HOW TO COMPLETE THIS TASK: Verbatim copy, images excluded: write out each record shown below.

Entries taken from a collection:
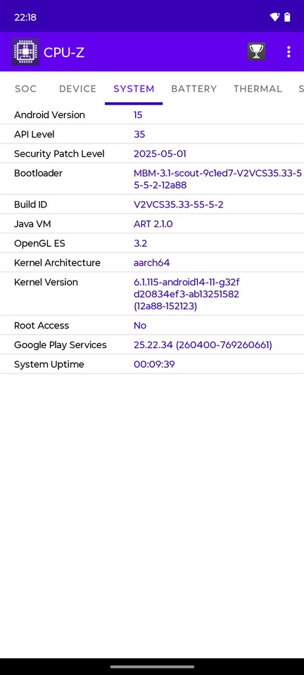 Capturi de ecran din aplicația CPU-Z cu informații despre Motorola Edge 60:
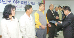 【경기】 여주축협(조합장 김인기)은 지난 14일 조합 회의실에서 2008년 장학금 전달식<사진>을 가졌다. 여주축협은 이날 조합원 자녀 중 대학생 30명에게 100만원씩 총 3천만원의 장학금을 전달했다.
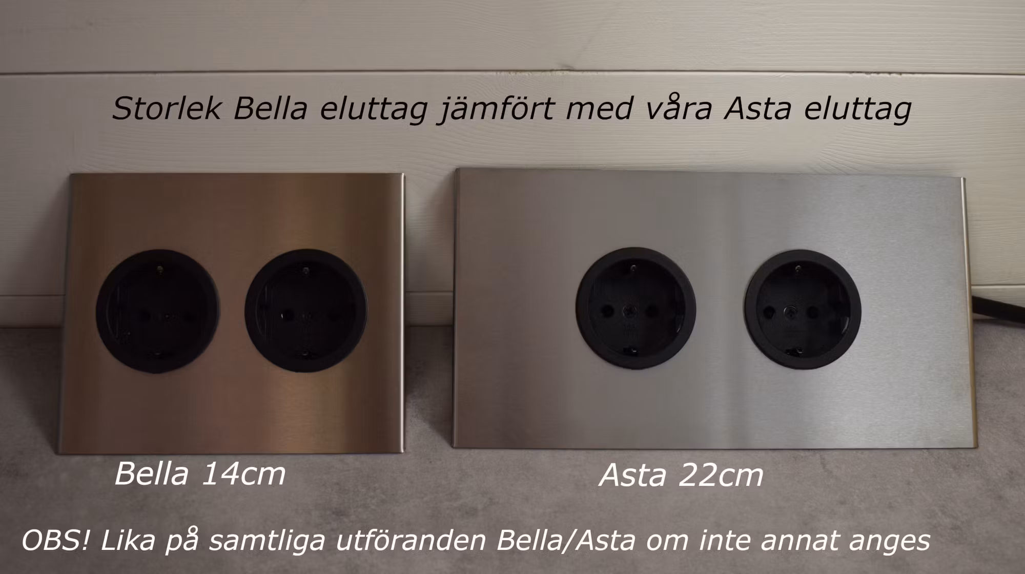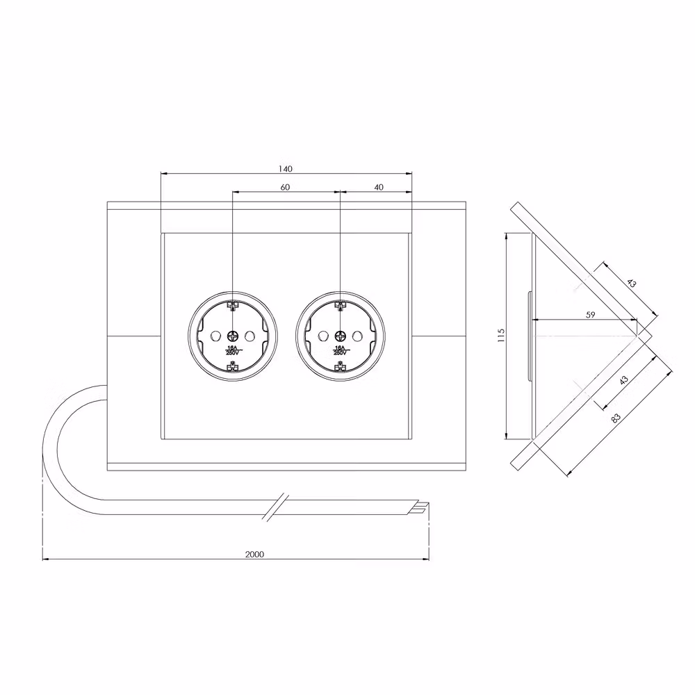 Hörnbox Bella är ett modernt vinklat eluttag i rostfritt stål (färg koppar) med 2 jordade eluttag för liggande, för montering under överskåp eller hyllplan.
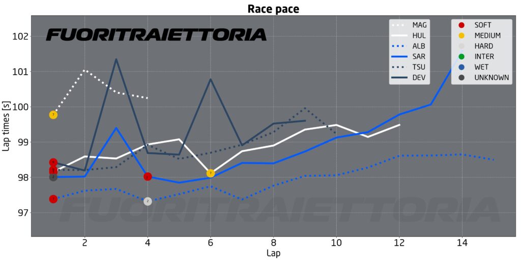Tra i team che lo scorso anno occuparono gli ultimi posti in classifica costruttori (Aston Martin esclusa) risulta ancora più difficile fare previsioni. Albon ha messo a segno un’ottima sequenza di giri veloci con gomme hard, forse a simulare la seconda parte di gara mentre Sargeant è il pilota che ha completato più giri con la soft mostrando come i tempi salgano alle stelle dopo il 17° passaggio. Degrado molto alto per l’unica Haas ad aver completato un numero decente di giri, quella di Hulkenberg, mentre AlphaTauri sembra poter ambire a una nebulosa posizione dalla P11 alla P20.
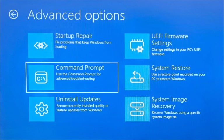 After selecting Repair my PC, you should be prompted to select the keyboard layout (select your preferred) and finally arrive at the Choose an option screen. From there Click on Troubleshoot > Command Prompt. It should look like this
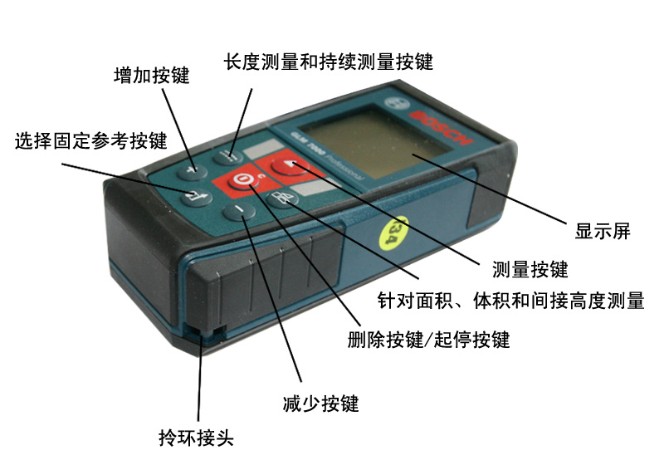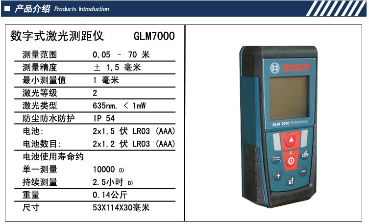 博世 GLM7000手持式激光測距儀產品特點: 包括使用性最高的所有相關功能 其他功能包括,例如長度連續測量、間接式長度測量、面積和體積測量、加法和減法功能,可大大節約時間 使用先進的激光技術,可進行長達 70 米的精確測量 由于尺寸小巧,可置于任何襯衫口袋 防塵、防濺 (IP 54),軟握把設計堅固耐用,是每個工地的理想工具 1/4" 三腳架螺紋可與三腳架 BS 150 Professional 組合使用,非常便利
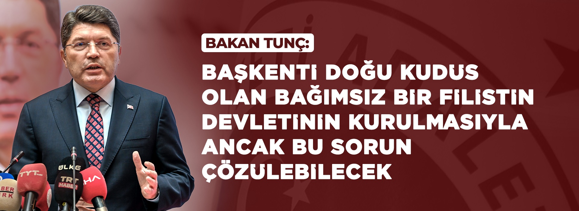 Adalet Bakanı Yılmaz Tunç, Gazze'de ateşkesin sağlanması için Türkiye'nin çok büyük gayret gösterdiğini belirterek “1967 sınırlarında toprak bütünlüğüne sahip, bağımsız, başkenti Doğu Kudüs olan bağımsız bir Filistin Devleti'nin kurulmasıyla ancak bu sorun çözülebilecek. Bu politikamızı sürdürmeye devam edeceğiz.” dedi.
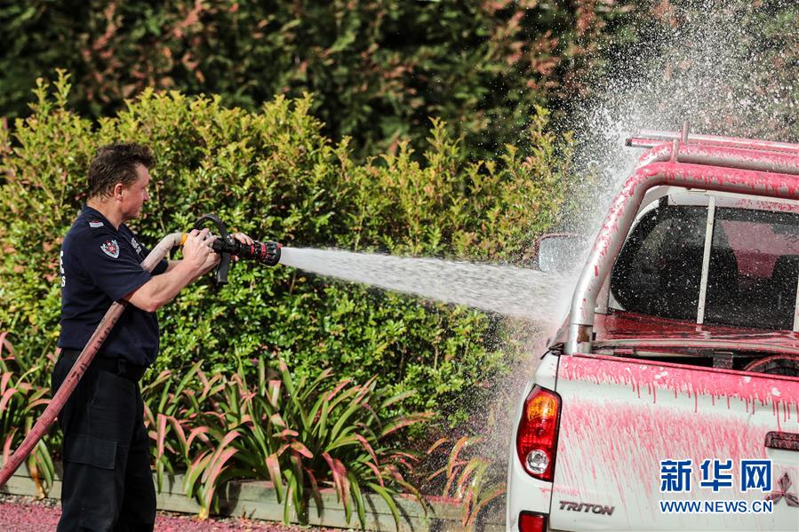 11月12日,在澳大利亞悉尼附近的南塔勒馬拉,消防員在滅火后清洗車輛上的滅火劑。新華社記者白雪飛攝
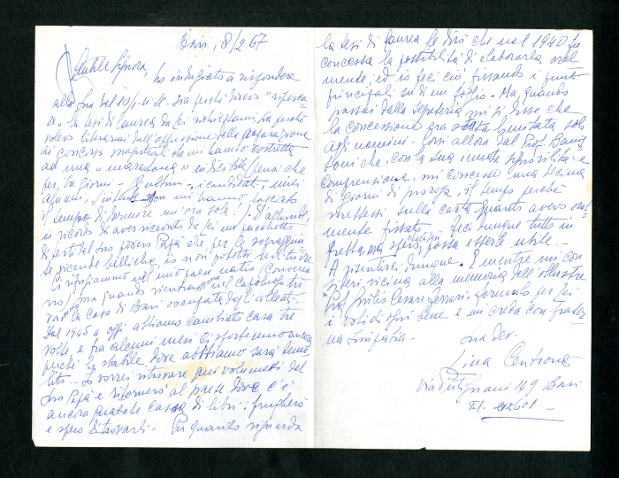 E' presente anche la lettera di accompagnamento all'invio della tesi da parte dell'autrice a Nora Ferrari (8 febbraio 1967).
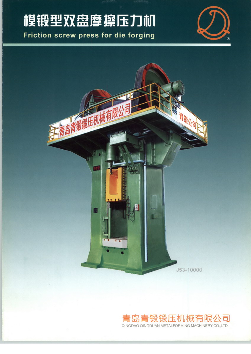 公司產(chǎn)品注冊(cè)商標(biāo)為“青鍛”牌。主導(dǎo)產(chǎn)品有J53系列模鍛型雙盤摩擦壓力機(jī),J54系列精壓型雙盤摩擦壓力機(jī),J55系列離合器式螺旋壓力機(jī),EP、EPC系列數(shù)控電動(dòng)螺旋壓力機(jī),MP系列熱模鍛壓力機(jī),MFP系列多工位摩擦壓力機(jī),J93、J67、J69系列摩擦壓磚機(jī),D51、D52、D53K系列數(shù)控輾環(huán)機(jī)等。產(chǎn)品曾榮獲國家銀質(zhì)獎(jiǎng)、國家科技進(jìn)步獎(jiǎng)、國家級(jí)新產(chǎn)品獎(jiǎng)及部省市優(yōu)質(zhì)產(chǎn)品獎(jiǎng),2006年又榮獲山東省名牌產(chǎn)品、山東省著名商標(biāo)、青島市著名商標(biāo)稱號(hào)。產(chǎn)品銷往港、澳、臺(tái)等全國各省市,出口東南亞、印度、韓國、意大利、日本、中亞、東歐等世界30多個(gè)國家和地區(qū)。
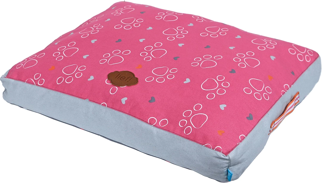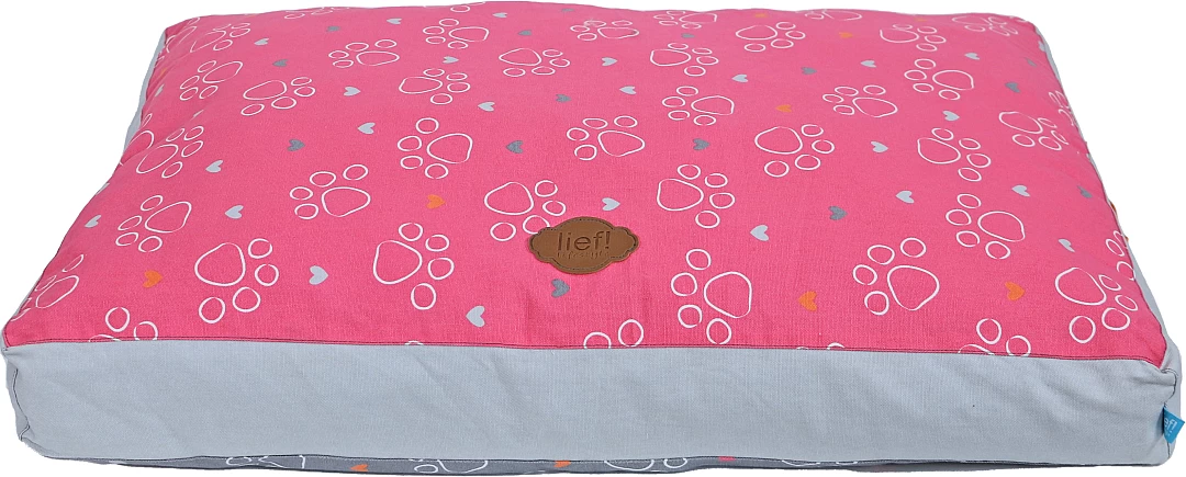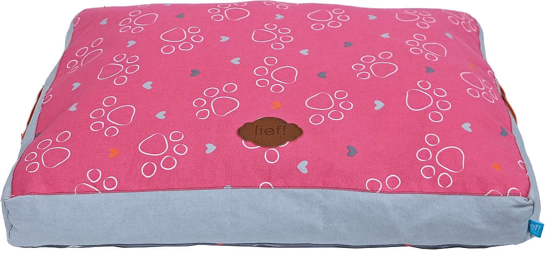 lief! lifestyle Girls hondenkussen Lounge 2-zijdig is een ligkussen voor honden, waar ze heerlijk op kunnen liggen. Het kussen is rozerood aan de ene kant en donkergrijs aan de andere kant, met een Girls- en pootprint aan beide kanten. De mooie details maken dit kussen helemaal af, zoals de handgrepen aan de zijkant van het kussen.
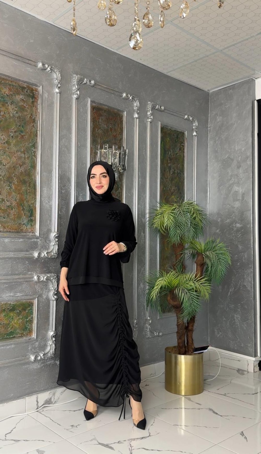 Sandy, Şifon Kumaş, Etek Büzgülü İpli, Yaka Gül Aksesuarlı, Kol Ağızı Lastikli, Etek Beli lastiklidir.
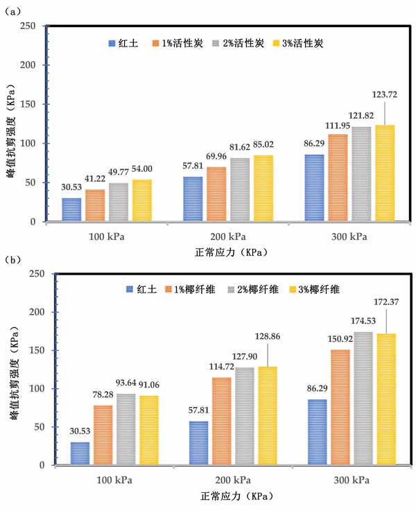 活性炭試樣的剪切強度與剪切應變的關系。峰值剪切強度隨著正應力的增加而提高,特別是300kPa正應力。此外,添加活性炭增加了峰值剪切強度,并且增強率隨著法向應力的增加而增加,如圖4a所示。同樣,添加0.5%的椰殼纖維進一步提高了活性炭穩定土的峰值剪切強度,如圖4b所示。雖然在天然紅土中添加活性炭會增加峰值強度,但對于超過2%的活性炭,增加率并不顯著。例如,活性炭穩定土的峰值強度分別為2%和3%活性炭的121.8kPa和123.72kPa。總體而言,與本研究的結果相似。發現在石灰穩定土壤中使用椰殼纖維可進一步提高抗拉強度和抗壓強度。還觀察到,椰殼纖維的加入提高了膨脹土中的兩個剪切參數。
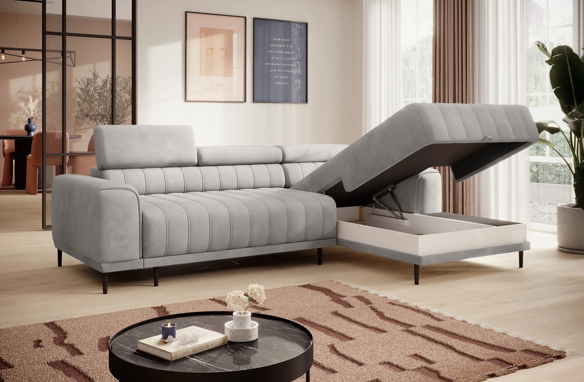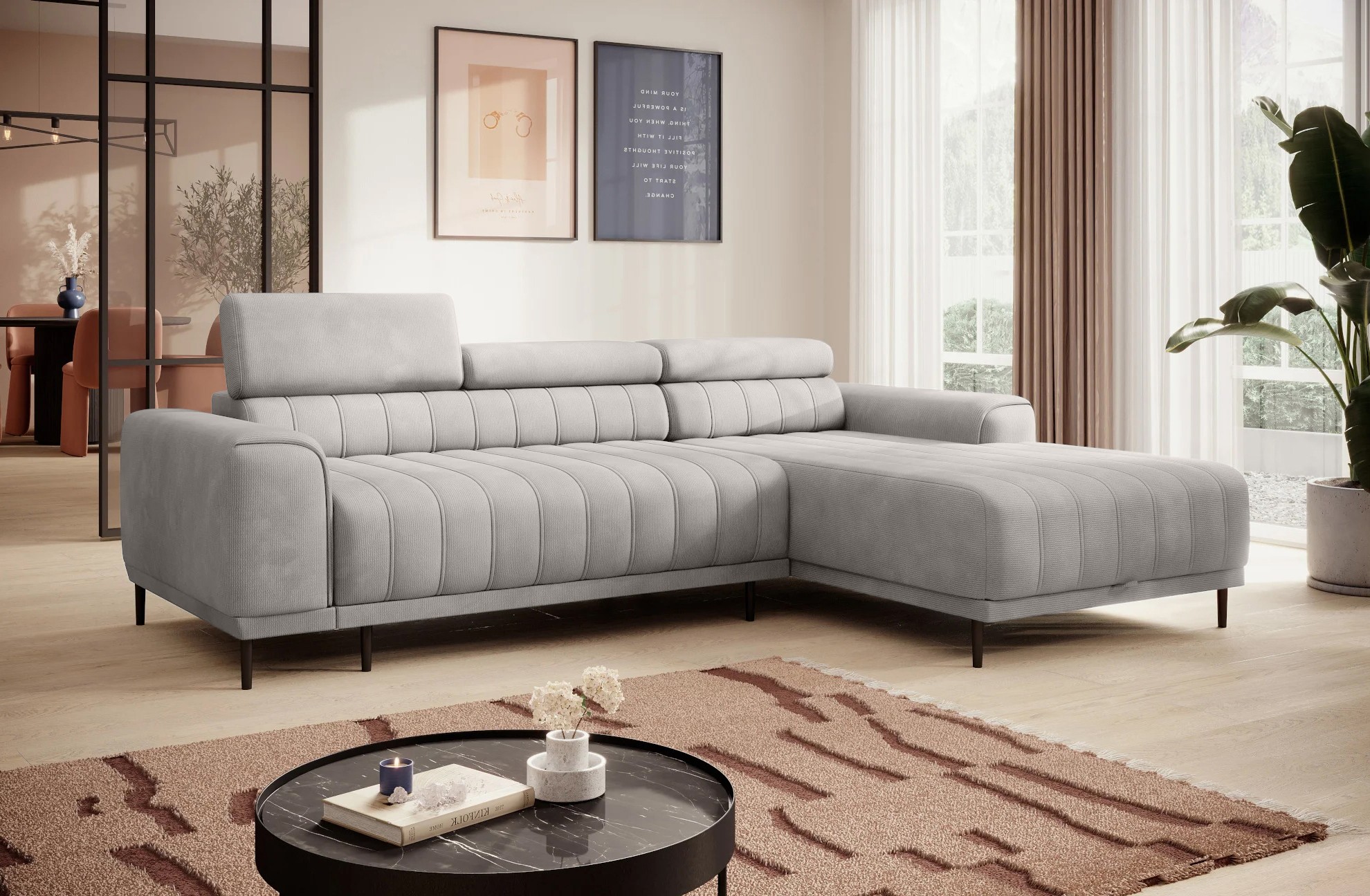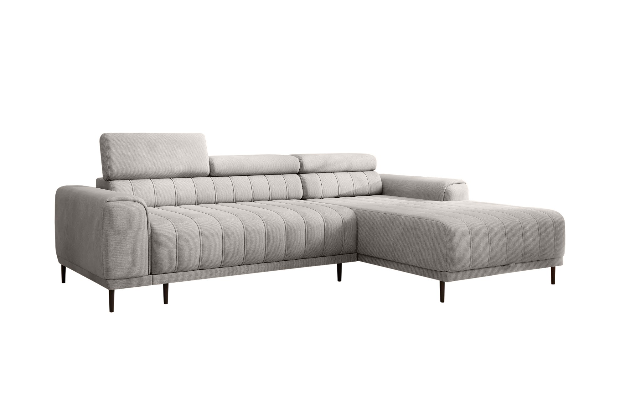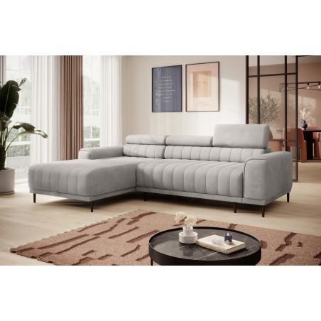 Pikowane siedzisko nadaje narożnikowi nowoczesnego charakteru, a wysokie metalowe nóżki w stylu loftowym dodają mu lekkości i elegancji.

SOLUTION FOR THIS EXERCISE:
 Capturi de ecran din aplicația CPU-Z cu informații despre Motorola Edge 60:
 【경기】 여주축협(조합장 김인기)은 지난 14일 조합 회의실에서 2008년 장학금 전달식<사진>을 가졌다. 여주축협은 이날 조합원 자녀 중 대학생 30명에게 100만원씩 총 3천만원의 장학금을 전달했다.
 Hörnbox Bella är ett modernt vinklat eluttag i rostfritt stål (färg koppar) med 2 jordade eluttag för liggande, för montering under överskåp eller hyllplan.
Tra i team che lo scorso anno occuparono gli ultimi posti in classifica costruttori (Aston Martin esclusa) risulta ancora più difficile fare previsioni. Albon ha messo a segno un’ottima sequenza di giri veloci con gomme hard, forse a simulare la seconda parte di gara mentre Sargeant è il pilota che ha completato più giri con la soft mostrando come i tempi salgano alle stelle dopo il 17° passaggio. Degrado molto alto per l’unica Haas ad aver completato un numero decente di giri, quella di Hulkenberg, mentre AlphaTauri sembra poter ambire a una nebulosa posizione dalla P11 alla P20.
 After selecting Repair my PC, you should be prompted to select the keyboard layout (select your preferred) and finally arrive at the Choose an option screen. From there Click on Troubleshoot > Command Prompt. It should look like this
 博世 GLM7000手持式激光測距儀產品特點: 包括使用性最高的所有相關功能 其他功能包括,例如長度連續測量、間接式長度測量、面積和體積測量、加法和減法功能,可大大節約時間 使用先進的激光技術,可進行長達 70 米的精確測量 由于尺寸小巧,可置于任何襯衫口袋 防塵、防濺 (IP 54),軟握把設計堅固耐用,是每個工地的理想工具 1/4" 三腳架螺紋可與三腳架 BS 150 Professional 組合使用,非常便利
 Adalet Bakanı Yılmaz Tunç, Gazze'de ateşkesin sağlanması için Türkiye'nin çok büyük gayret gösterdiğini belirterek “1967 sınırlarında toprak bütünlüğüne sahip, bağımsız, başkenti Doğu Kudüs olan bağımsız bir Filistin Devleti'nin kurulmasıyla ancak bu sorun çözülebilecek. Bu politikamızı sürdürmeye devam edeceğiz.” dedi.
 11月12日,在澳大利亞悉尼附近的南塔勒馬拉,消防員在滅火后清洗車輛上的滅火劑。新華社記者白雪飛攝
 E' presente anche la lettera di accompagnamento all'invio della tesi da parte dell'autrice a Nora Ferrari (8 febbraio 1967).
 公司產(chǎn)品注冊(cè)商標(biāo)為“青鍛”牌。主導(dǎo)產(chǎn)品有J53系列模鍛型雙盤摩擦壓力機(jī),J54系列精壓型雙盤摩擦壓力機(jī),J55系列離合器式螺旋壓力機(jī),EP、EPC系列數(shù)控電動(dòng)螺旋壓力機(jī),MP系列熱模鍛壓力機(jī),MFP系列多工位摩擦壓力機(jī),J93、J67、J69系列摩擦壓磚機(jī),D51、D52、D53K系列數(shù)控輾環(huán)機(jī)等。產(chǎn)品曾榮獲國家銀質(zhì)獎(jiǎng)、國家科技進(jìn)步獎(jiǎng)、國家級(jí)新產(chǎn)品獎(jiǎng)及部省市優(yōu)質(zhì)產(chǎn)品獎(jiǎng),2006年又榮獲山東省名牌產(chǎn)品、山東省著名商標(biāo)、青島市著名商標(biāo)稱號(hào)。產(chǎn)品銷往港、澳、臺(tái)等全國各省市,出口東南亞、印度、韓國、意大利、日本、中亞、東歐等世界30多個(gè)國家和地區(qū)。
 lief! lifestyle Girls hondenkussen Lounge 2-zijdig is een ligkussen voor honden, waar ze heerlijk op kunnen liggen. Het kussen is rozerood aan de ene kant en donkergrijs aan de andere kant, met een Girls- en pootprint aan beide kanten. De mooie details maken dit kussen helemaal af, zoals de handgrepen aan de zijkant van het kussen.
 Sandy, Şifon Kumaş, Etek Büzgülü İpli, Yaka Gül Aksesuarlı, Kol Ağızı Lastikli, Etek Beli lastiklidir.
 活性炭試樣的剪切強度與剪切應變的關系。峰值剪切強度隨著正應力的增加而提高,特別是300kPa正應力。此外,添加活性炭增加了峰值剪切強度,并且增強率隨著法向應力的增加而增加,如圖4a所示。同樣,添加0.5%的椰殼纖維進一步提高了活性炭穩定土的峰值剪切強度,如圖4b所示。雖然在天然紅土中添加活性炭會增加峰值強度,但對于超過2%的活性炭,增加率并不顯著。例如,活性炭穩定土的峰值強度分別為2%和3%活性炭的121.8kPa和123.72kPa。總體而言,與本研究的結果相似。發現在石灰穩定土壤中使用椰殼纖維可進一步提高抗拉強度和抗壓強度。還觀察到,椰殼纖維的加入提高了膨脹土中的兩個剪切參數。
 Pikowane siedzisko nadaje narożnikowi nowoczesnego charakteru, a wysokie metalowe nóżki w stylu loftowym dodają mu lekkości i elegancji.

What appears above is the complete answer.